Medical Devices under scrutiny

 

There are currently around half a million Medical Devices on the market, ranging from corrective glasses and contact lenses, to X-ray machines, pacemakers and in vitro diagnosis devices. But are they really safe?


Thinking about breast augmentation with silicone implants? Many consumers would now think twice after the fraud case that struck public opinion about a couple of years ago involving a French manufacturer, PIP, accused of putting into the global market faulty breast implants made of sub-standard industrial silicone with abnormally high rupture rates. In France, the implants had to be recalled and PIP was forced into liquidation with huge losses. Nevertheless, the case damaged the confidence of patients and of consumers at large to an extent hard to restore.

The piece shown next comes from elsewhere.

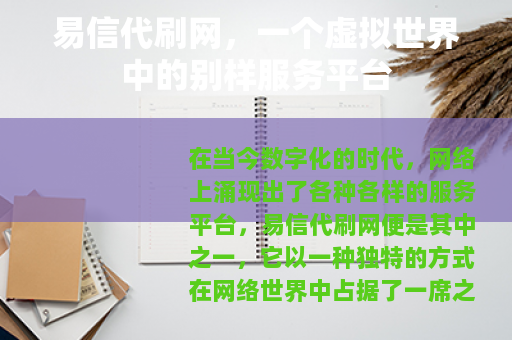 在当今数字化的时代,网络上涌现出了各种各样的服务平台,易信代刷网便是其中之一,它以一种独特的方式在网络世界中占据了一席之地,为众多用户提供着别样的服务体验。
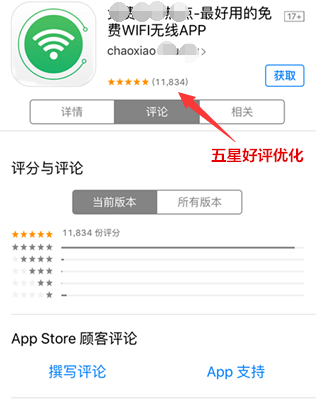 2、App评论优化: 借助于我们的用户评价功能,撰写五星原创评论,提高App在AppStore应用商店的搜索排名

This case was pinpointed in September last by the European Commission when commenting on the opportunity for its then just launched proposals for a new regulation on medical devices – MD (which will replace Directive 90/385/EEC regarding active implantable medical devices and Directive 93/42/EEC regarding medical devices) and for a new regulation on in vitro diagnostic medical devices – IVDMD (to replace Directive 98/79/EC regarding in vitro diagnostic medical devices).

 

Extending and clarifying the scope of legislation and other major innovations

There are currently around half a million MD and IVDMD on the market, comprising products ranging, respectively, from corrective glasses and contact lenses to highly sophisticated life-support machines; and from tests of cholesterol level to reagents to detect HIV.  The Commission’s proposals firstly aim at extending and clarify the scope of these two EU legal instruments. Implants for aesthetic purposes are now included. Tests which provide information about predisposition to a medical condition or a disease (e. g. genetic tests) or tests providing information to predict treatment response or reactions (e.g. companion diagnosis), two major tools for personalised medicine, are now clearly considered to be IVDMD.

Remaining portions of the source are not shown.